--- START ---

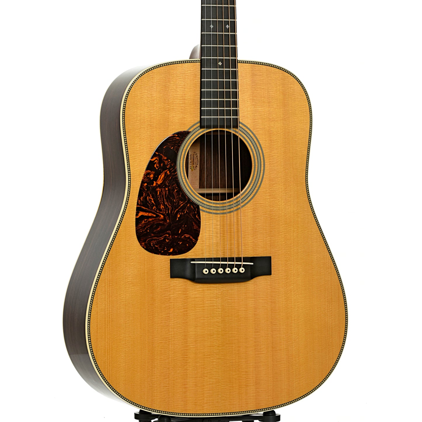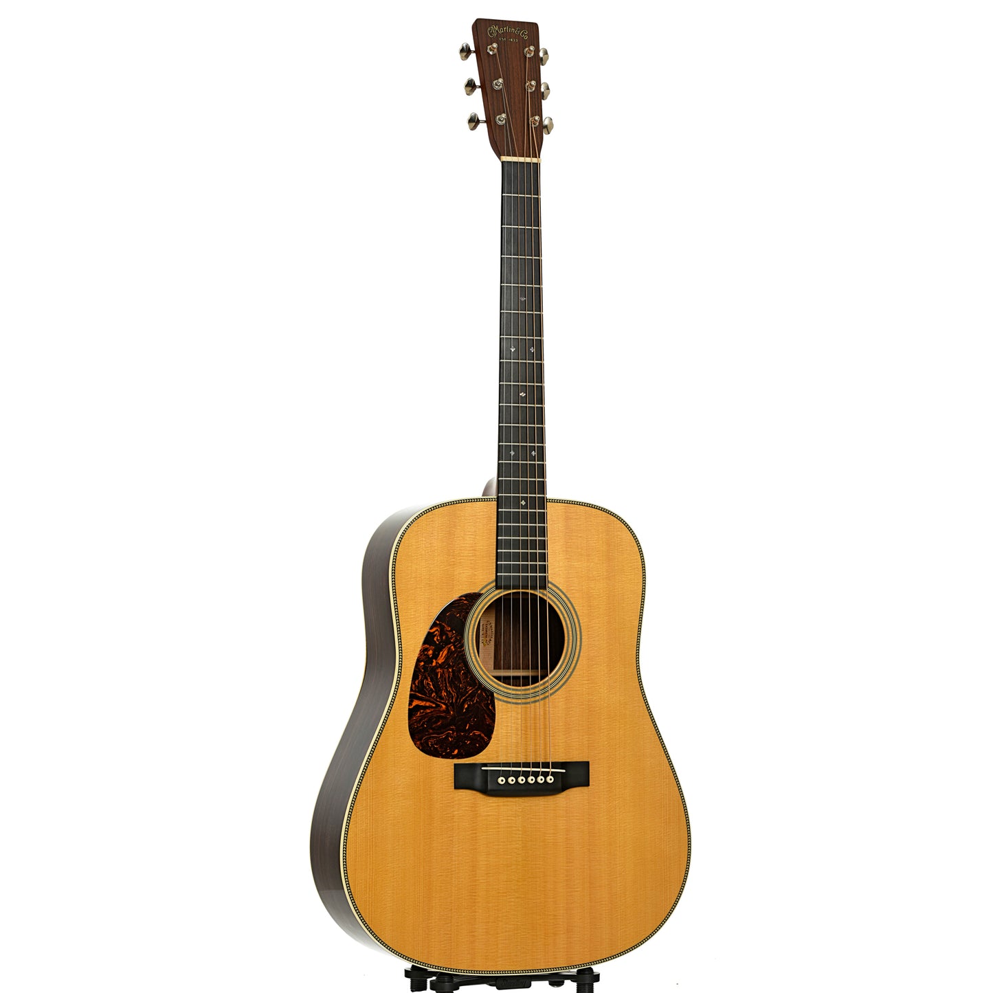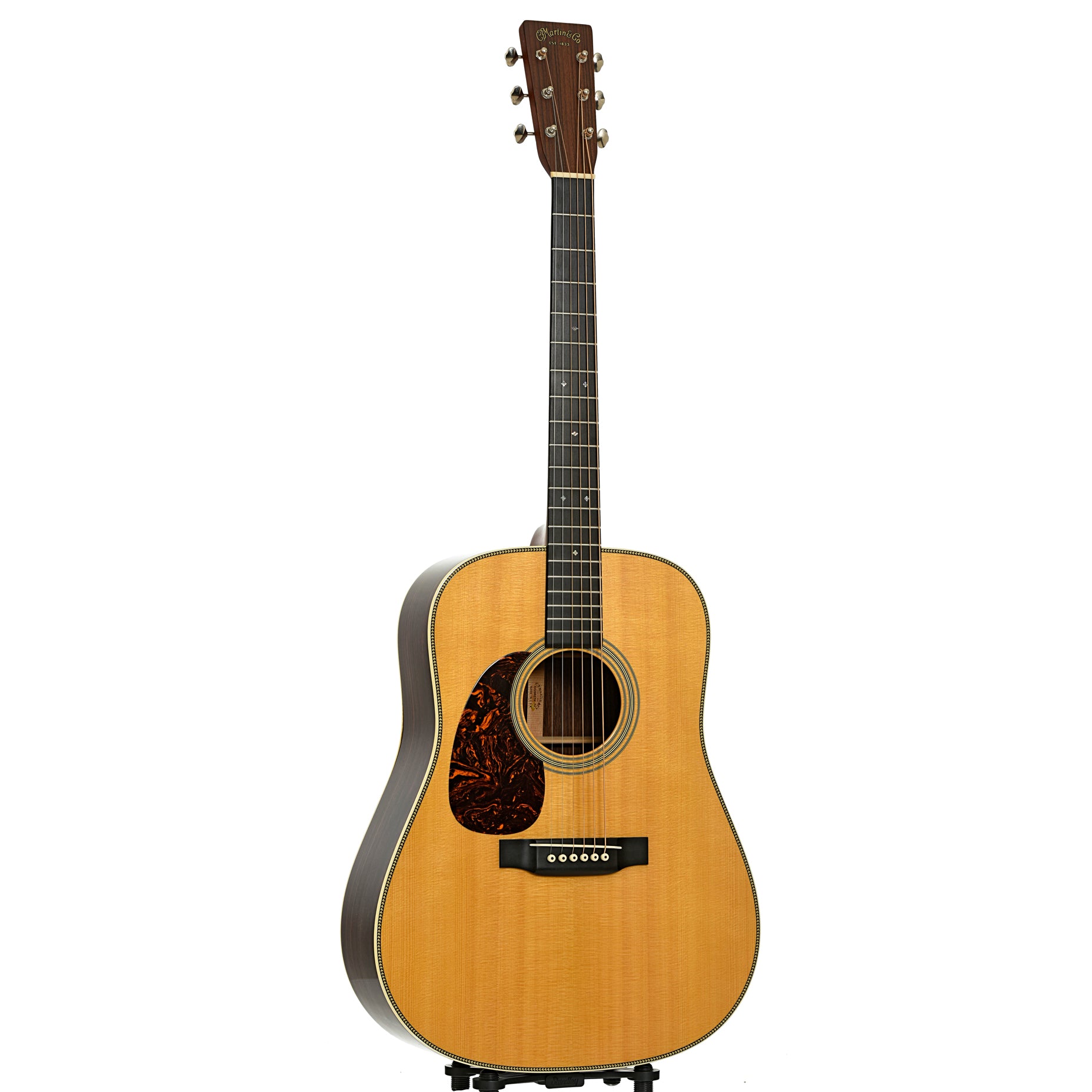 A left-handed Martin guitar with classic looks and a huge, warm sound, this HD-28V features a spruce top, rosewood back and sides, and a 14-fret mahogany neck. It has a forward-shifted X-brace, ebony fingerboard and bridge with a long saddle. Classic appointments include herringbone top purfling, a tortoise plastic pickguard, and open-gear tuners. Original Geib-style hard shell case. Made in USA. On consignment.
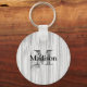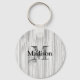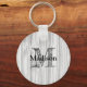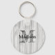 Personnalisez l'accessoire de clé monogrammée avec votre initiale et votre nom personnalisés. Photo de bois de bambou à l'élégante texture gris noir et blanc.
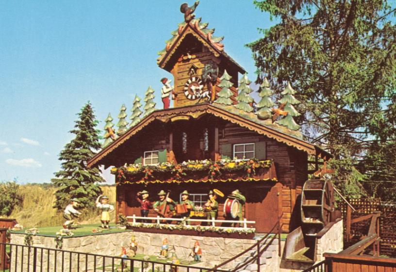 Here’s another thing that seemed doomed until very recently: the World’s Largest Cuckoo Clock. It was built from 1962-1974 for the Alpine-Alpa Cheese House in Wilmot, OH. The clock is about 24 feet wide. Here’s a vintage postcard of it:
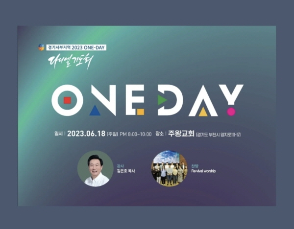 경기서부지역(군포시, 광명시, 과천시, 의왕시, 안양시, 시흥시, 김포시, 부천시) 다니엘기도회 연합회는 오는 6월 18일 오후8시 부천시 주왕교회(담임 박신철 목사)에서 원데이 다니엘기도회를 개최한다.
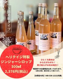 そんな時期に、ホテルヘリテイジ特製「ジンジャーシロップ」はいかがでしょうか。
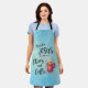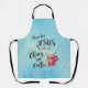 This is a Comical "One of a Kind" Christian Women's Apron! It Features the Comical Christian Words..."I Run On Jesus, Chaos and Coffee" and a Beautiful Mug of Hot Coffee Surrounded by Flowers and Hearts with a Turquoise Background!
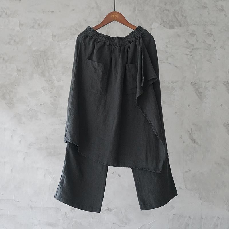Wiosenne Fałszywe Dwuczęściowe Lniane Spodnie Ze Spódnicą
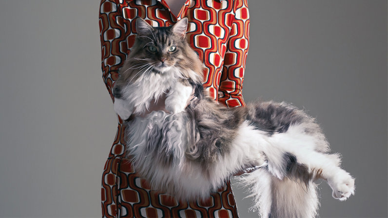 - Чтобы на фото кот выглядел максимально большим, расположите его морду ближе к объективу (вы на заднем плане) и вытяните питомца по всей длине.
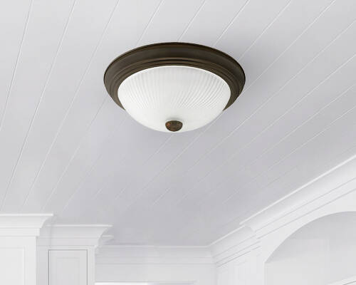 Twin Pack of Flush Mount lights with Frosted Swirl Glass and Oil Rubbed Bronze finish.
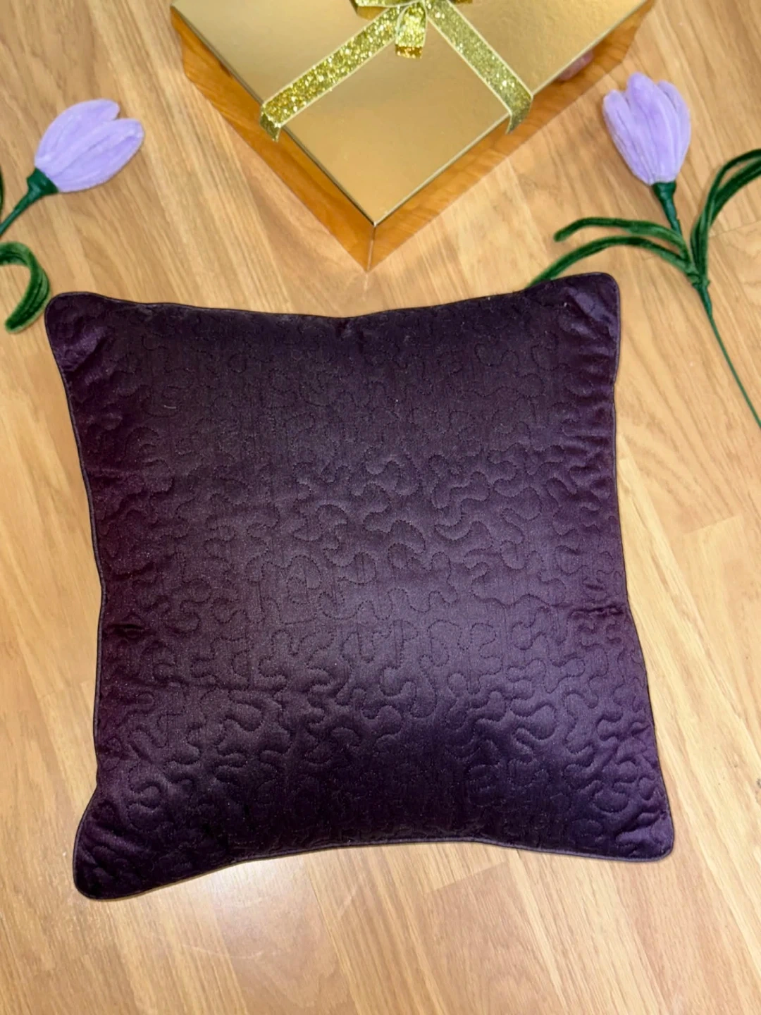 This decorative pillow is a lovely accent piece. It features a beautiful embroidered feather design on one side. The pillow's shimmering purple fabric adds a touch of elegance to any room. $5 each
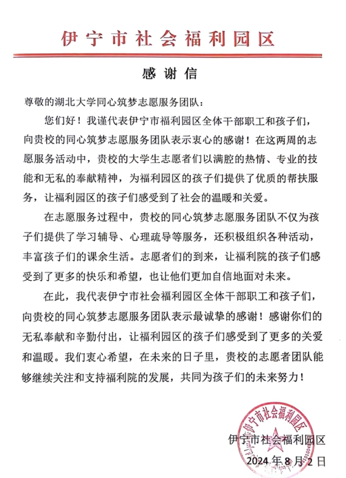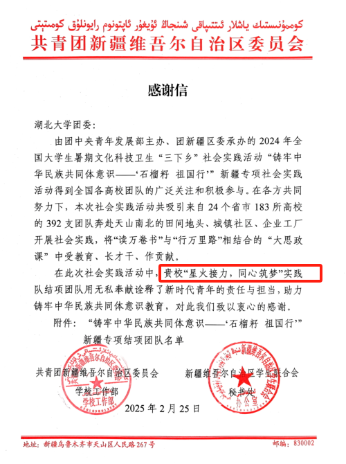 (通讯员 傅徐)日前,共青团新疆维吾尔自治区委员会学校工作部和新疆维吾尔自治区学生联合会秘书处向麻豆做爱 团委致感谢信,对麻豆做爱“星火接力,同心筑梦”实践团队在2024年全国大学生暑期文化科技卫生“三下乡”社会实践活动“铸牢中华民族共同体意识——‘石榴籽祖国行’”新疆专项社会实践活动对所作出的积极贡献予以感谢。

--- END ---

PROBLEM TO WORK ON:
A verbatim reproduction is expected: starting at the line above that has "Wiosenne Fałszywe Dwuczęściowe", ending at the line that has "This decorative pillow", both included, and with no pictures and no other lines.

SOLUTION TO THIS PROBLEM:
Wiosenne Fałszywe Dwuczęściowe Lniane Spodnie Ze Spódnicą
 - Чтобы на фото кот выглядел максимально большим, расположите его морду ближе к объективу (вы на заднем плане) и вытяните питомца по всей длине.
 Twin Pack of Flush Mount lights with Frosted Swirl Glass and Oil Rubbed Bronze finish.
 This decorative pillow is a lovely accent piece. It features a beautiful embroidered feather design on one side. The pillow's shimmering purple fabric adds a touch of elegance to any room. $5 each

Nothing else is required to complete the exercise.